Repeat exactly the lines of the material below that run from the "Lyrics of Khuli" line to the "Uiteraard was het" line, including both, and do not carry over any pictures.

_Data shown_.
■ ■ ■ ■ ■ ■ ■

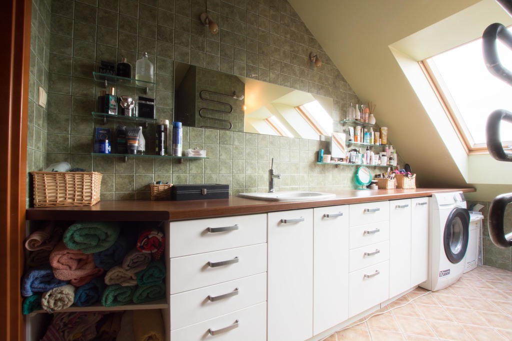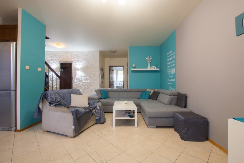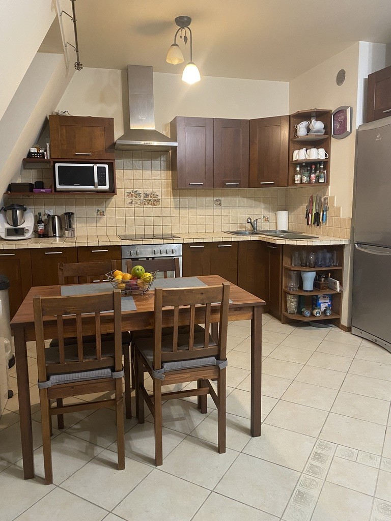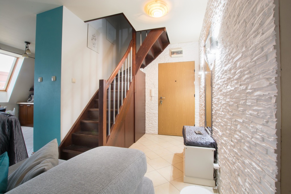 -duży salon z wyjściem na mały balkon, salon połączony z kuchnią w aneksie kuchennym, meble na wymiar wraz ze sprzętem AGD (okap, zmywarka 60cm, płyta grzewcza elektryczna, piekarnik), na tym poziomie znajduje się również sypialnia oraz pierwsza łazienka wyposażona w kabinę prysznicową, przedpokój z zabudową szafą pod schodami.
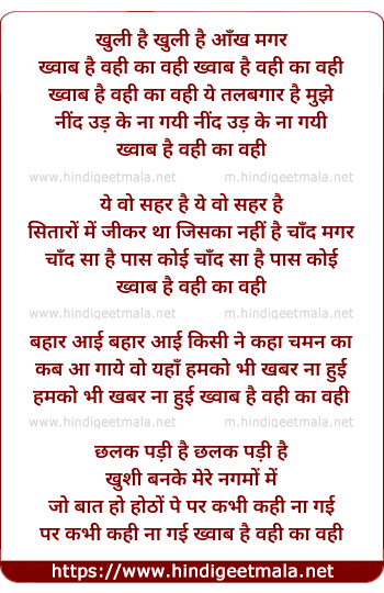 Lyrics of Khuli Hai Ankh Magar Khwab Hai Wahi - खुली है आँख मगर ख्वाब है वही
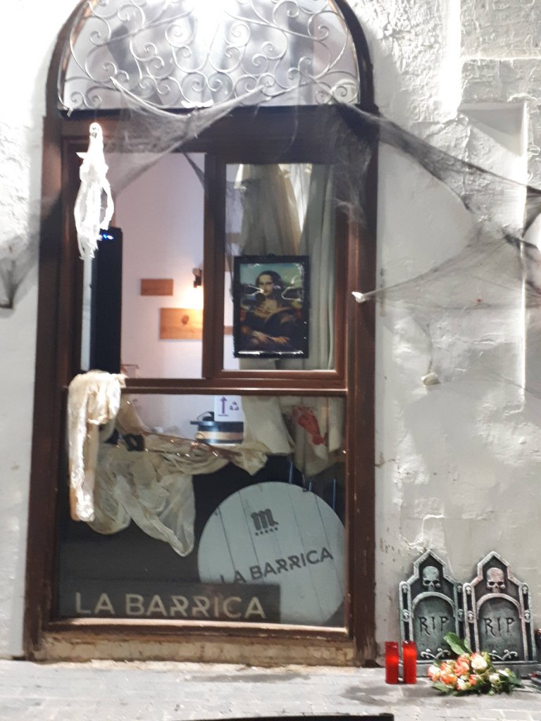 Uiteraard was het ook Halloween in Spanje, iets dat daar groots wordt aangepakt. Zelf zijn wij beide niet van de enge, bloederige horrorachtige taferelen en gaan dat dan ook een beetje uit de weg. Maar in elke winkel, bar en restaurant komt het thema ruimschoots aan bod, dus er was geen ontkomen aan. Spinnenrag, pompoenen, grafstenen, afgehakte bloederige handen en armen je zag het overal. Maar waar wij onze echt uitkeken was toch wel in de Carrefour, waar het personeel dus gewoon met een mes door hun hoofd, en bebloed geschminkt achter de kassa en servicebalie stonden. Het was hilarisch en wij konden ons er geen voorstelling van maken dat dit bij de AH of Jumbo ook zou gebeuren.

■ ■ ■ ■ ■ ■ ■

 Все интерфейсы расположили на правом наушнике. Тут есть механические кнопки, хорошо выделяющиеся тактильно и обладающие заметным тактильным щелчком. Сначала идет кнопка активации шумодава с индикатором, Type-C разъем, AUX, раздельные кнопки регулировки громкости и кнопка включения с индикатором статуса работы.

■ ■ ■ ■ ■ ■ ■

_Result of the exercise_.
 Lyrics of Khuli Hai Ankh Magar Khwab Hai Wahi - खुली है आँख मगर ख्वाब है वही
 Uiteraard was het ook Halloween in Spanje, iets dat daar groots wordt aangepakt. Zelf zijn wij beide niet van de enge, bloederige horrorachtige taferelen en gaan dat dan ook een beetje uit de weg. Maar in elke winkel, bar en restaurant komt het thema ruimschoots aan bod, dus er was geen ontkomen aan. Spinnenrag, pompoenen, grafstenen, afgehakte bloederige handen en armen je zag het overal. Maar waar wij onze echt uitkeken was toch wel in de Carrefour, waar het personeel dus gewoon met een mes door hun hoofd, en bebloed geschminkt achter de kassa en servicebalie stonden. Het was hilarisch en wij konden ons er geen voorstelling van maken dat dit bij de AH of Jumbo ook zou gebeuren.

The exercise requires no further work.